Work required :: Omit every picture while you reproduce the entries that follow word for word.

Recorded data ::
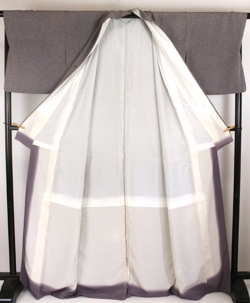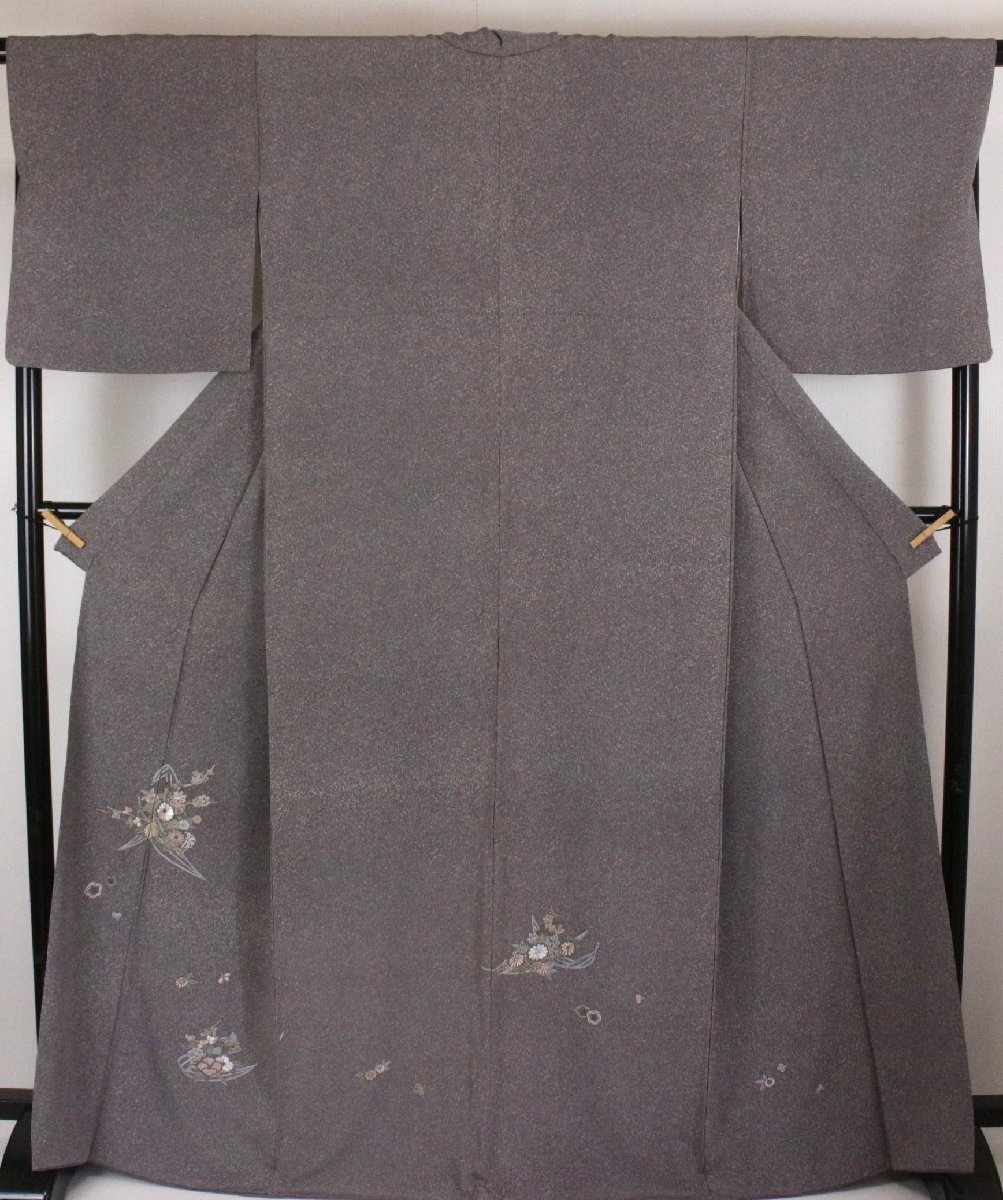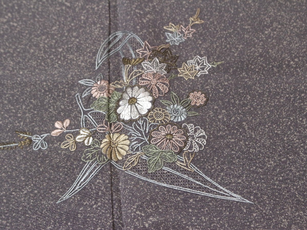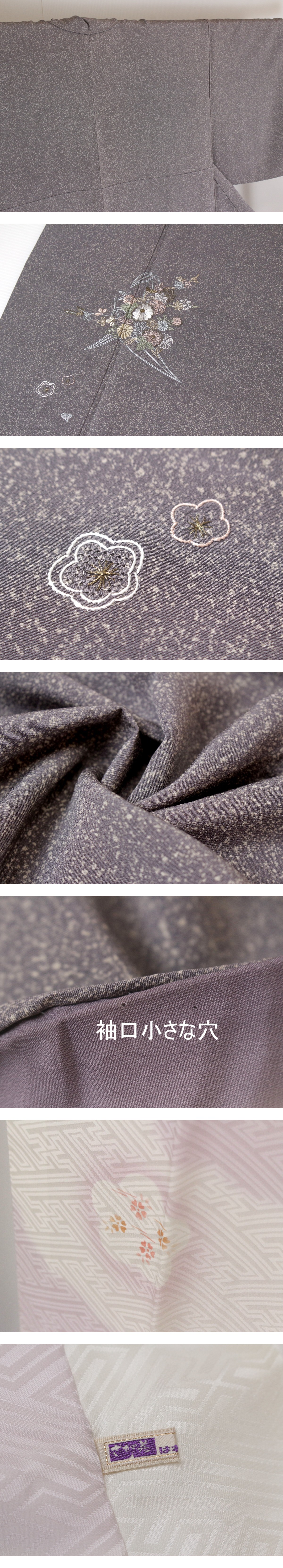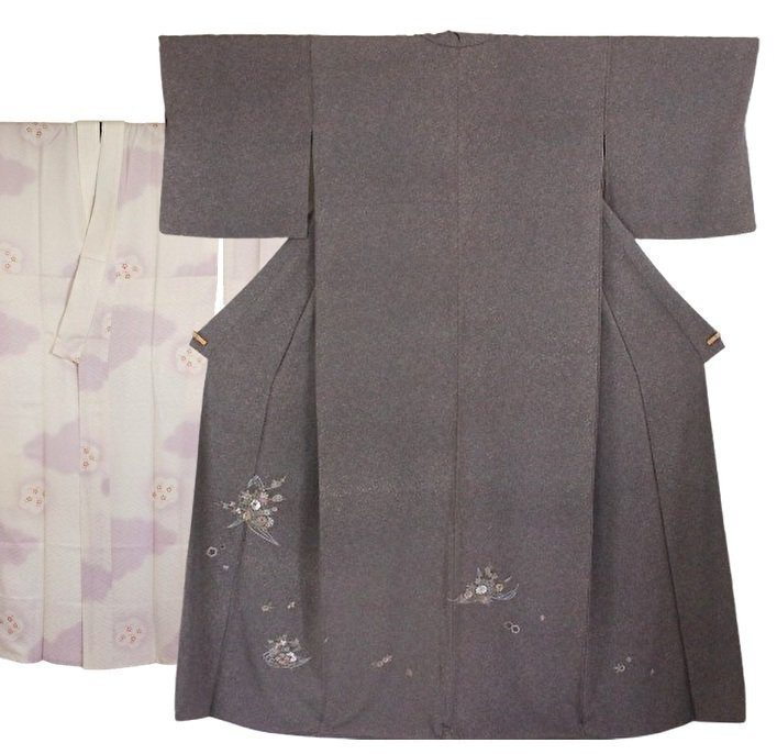 蘇州刺繍が施された正絹附下と長襦袢のセット のご紹介です。 深みのある灰紫色の地に、繊細な蘇州刺繍が施された附下。草花文様が丹念に刺し描かれ、糸の艶やかさと立体感が際立つ、格調高い仕上がりとなっています。落ち着いた地色に映える上品な色糸の調和が、洗練された大人の装いを演出いたします。 セットの長襦袢は、白地に淡い紫の雲取りと小花文があしらわれた優美な意匠。柔らかな正絹の風合いが心地よく、訪問着との重ねによって、内側からふわりと雅な雰囲気を引き立ててくれます。 刺繍の美しさと正絹の上質感が織りなす逸品を、ぜひこの機会にお手元へ。 特別な日にふさわしい、優雅で華やかな装いをお楽しみください。 ※撮影時の部屋の照明によって画像の色に若干の差がございます。色味に差がございますことをご了承のうえご検討下さいませ。 …状態… 着物:背縫いと八掛に若干の黄変。袖口に小さな穴あり。 長襦袢:目立つ難なし。 ※全くの新品ではございませんので、記載のない変色やスレ、ヤケ、その他僅かな難がある場合がございます。そのような理由でのキャンセルはお受けできませんので、ご了承の上ご検討お願いいたします。 |
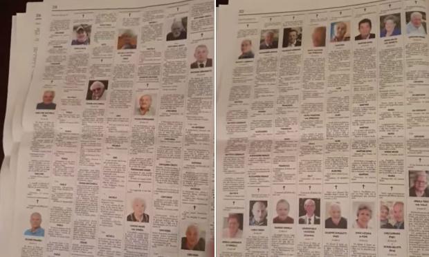 Ενδεικτικό της κατάστασης και συνάμα σοκαριστικό είναι το περιεχόμενο εφημερίδας του Μπέργκαμο με τις αναγγελίες των κηδειών να καλύπτουν πλέον δέκα σελίδες! Είναι χαρακτηριστικό το βίντεο που ανέβασε χρήστης του twitter που δείχνει πως στη διάρκεια του Φεβρουαρίου οι κηδείες στην ίδια εφημερίδα κάλυπταν μόλις μια σελίδα, κι έναν μήνα αργότερα οι κηδείες καλύπτουν δέκα σελίδες καθώς ο αριθμός των νεκρών αυξάνεται δραματικά!
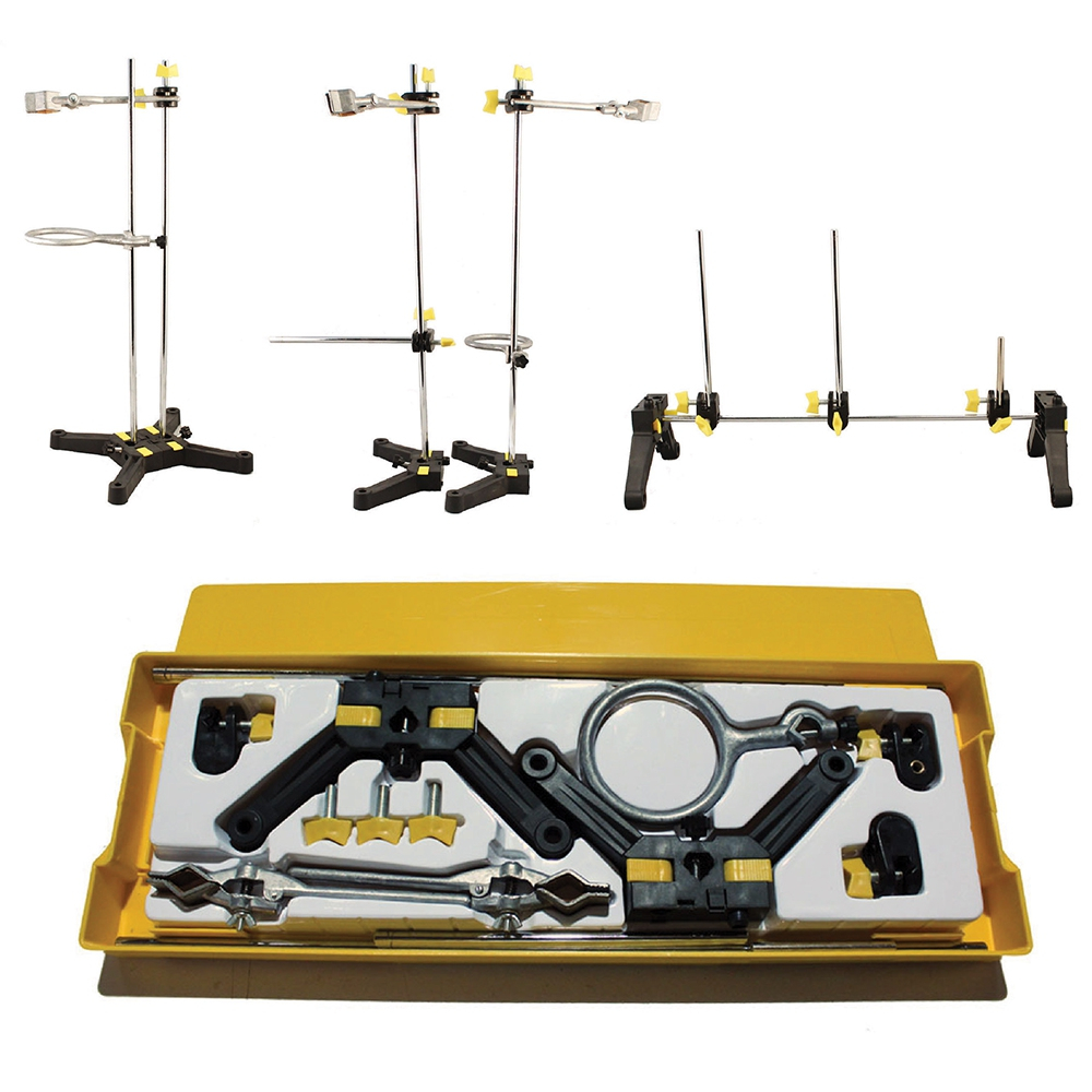Конструкция штатива позволяет располагать муфты на различной высоте и вращать их во всех плоскостях, что облегчает монтаж установок и приборов.
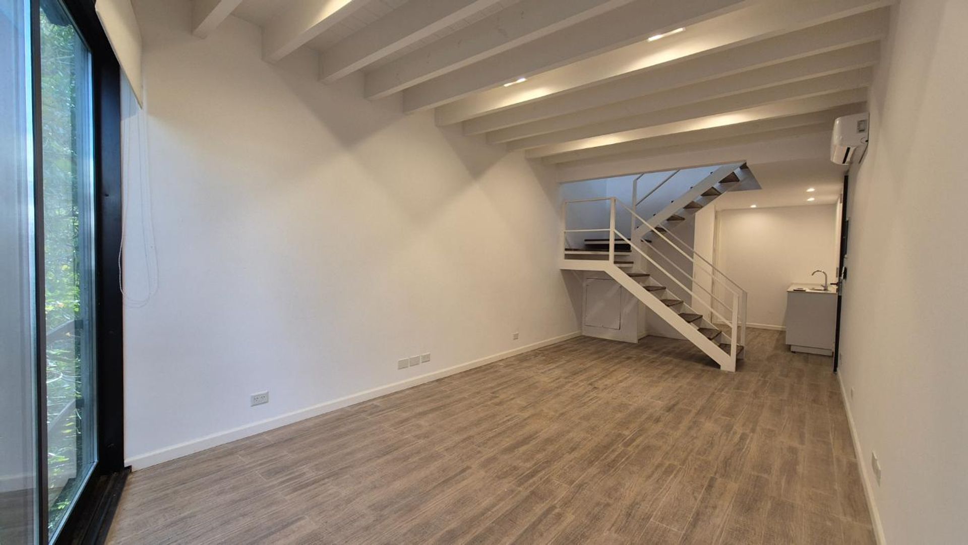 Departamento dúplex de 2 ambientes en alquiler, ideal tanto para vivienda como para oficina. Se encuentra en el primer piso de un edificio de 2 plantas con 5 unidades, lo que garantiza un ambiente tranquilo y armonioso. El inmueble dispone de cochera y acceso por ascensor o escalera.
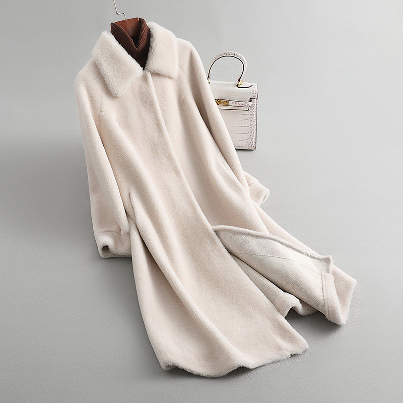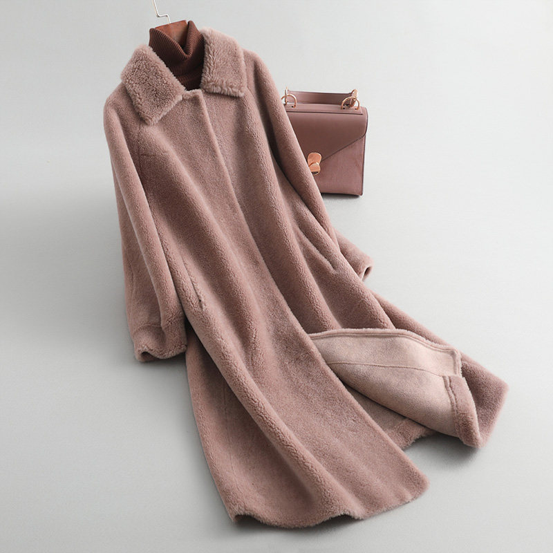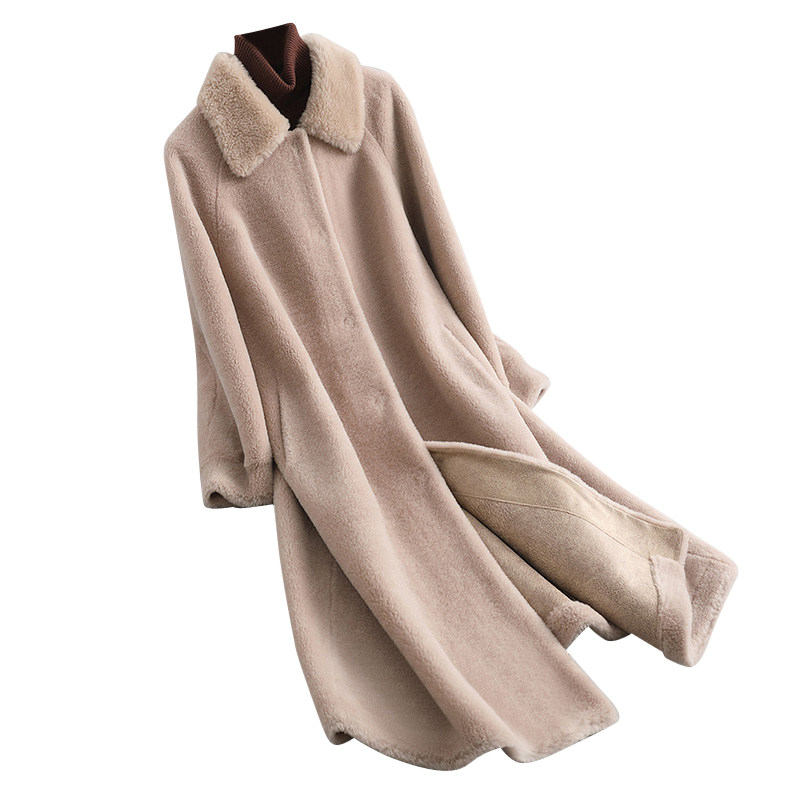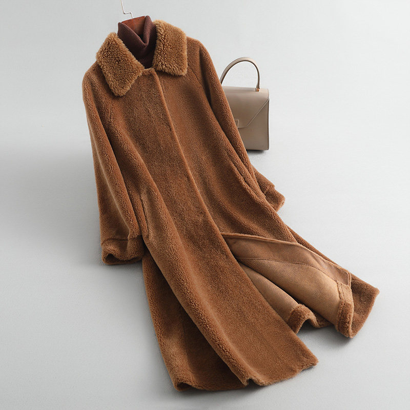 Haining grain fleece sheep sheared coat female 2021 new loose fur one medium and long wool fur coat
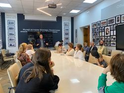 Затем группа направилась в музей блокады, где состоялась познавательная экскурсия. Её провёл председатель Кыргызского общества блокадников Марат Асанбекович Кутанов. Он не только рассказал о судьбах блокадников, но и поделился личной историей, поскольку его мать – Анна Алексеевна Кутанова – в течение более 20 лет возглавляла общество блокадников в Кыргызстане.
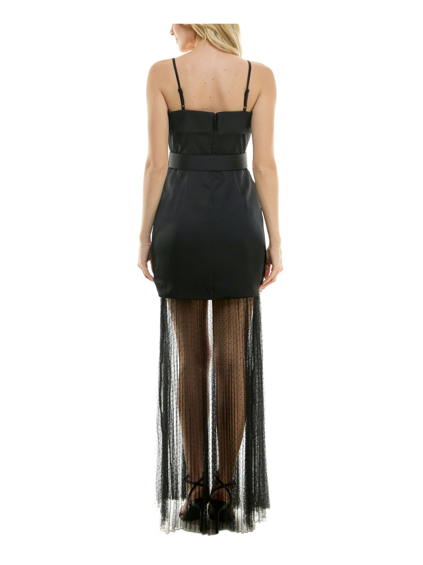 TAYLOR Womens Black Zippered Adjustable Lace Bubble Hem Fold Over Belted Spaghetti Strap Square Neck Maxi Evening Sheath Dress 4

Expected output ::
 蘇州刺繍が施された正絹附下と長襦袢のセット のご紹介です。 深みのある灰紫色の地に、繊細な蘇州刺繍が施された附下。草花文様が丹念に刺し描かれ、糸の艶やかさと立体感が際立つ、格調高い仕上がりとなっています。落ち着いた地色に映える上品な色糸の調和が、洗練された大人の装いを演出いたします。 セットの長襦袢は、白地に淡い紫の雲取りと小花文があしらわれた優美な意匠。柔らかな正絹の風合いが心地よく、訪問着との重ねによって、内側からふわりと雅な雰囲気を引き立ててくれます。 刺繍の美しさと正絹の上質感が織りなす逸品を、ぜひこの機会にお手元へ。 特別な日にふさわしい、優雅で華やかな装いをお楽しみください。 ※撮影時の部屋の照明によって画像の色に若干の差がございます。色味に差がございますことをご了承のうえご検討下さいませ。 …状態… 着物:背縫いと八掛に若干の黄変。袖口に小さな穴あり。 長襦袢:目立つ難なし。 ※全くの新品ではございませんので、記載のない変色やスレ、ヤケ、その他僅かな難がある場合がございます。そのような理由でのキャンセルはお受けできませんので、ご了承の上ご検討お願いいたします。 |
 Ενδεικτικό της κατάστασης και συνάμα σοκαριστικό είναι το περιεχόμενο εφημερίδας του Μπέργκαμο με τις αναγγελίες των κηδειών να καλύπτουν πλέον δέκα σελίδες! Είναι χαρακτηριστικό το βίντεο που ανέβασε χρήστης του twitter που δείχνει πως στη διάρκεια του Φεβρουαρίου οι κηδείες στην ίδια εφημερίδα κάλυπταν μόλις μια σελίδα, κι έναν μήνα αργότερα οι κηδείες καλύπτουν δέκα σελίδες καθώς ο αριθμός των νεκρών αυξάνεται δραματικά!
Конструкция штатива позволяет располагать муфты на различной высоте и вращать их во всех плоскостях, что облегчает монтаж установок и приборов.
 Departamento dúplex de 2 ambientes en alquiler, ideal tanto para vivienda como para oficina. Se encuentra en el primer piso de un edificio de 2 plantas con 5 unidades, lo que garantiza un ambiente tranquilo y armonioso. El inmueble dispone de cochera y acceso por ascensor o escalera.
 Haining grain fleece sheep sheared coat female 2021 new loose fur one medium and long wool fur coat
 Затем группа направилась в музей блокады, где состоялась познавательная экскурсия. Её провёл председатель Кыргызского общества блокадников Марат Асанбекович Кутанов. Он не только рассказал о судьбах блокадников, но и поделился личной историей, поскольку его мать – Анна Алексеевна Кутанова – в течение более 20 лет возглавляла общество блокадников в Кыргызстане.
 TAYLOR Womens Black Zippered Adjustable Lace Bubble Hem Fold Over Belted Spaghetti Strap Square Neck Maxi Evening Sheath Dress 4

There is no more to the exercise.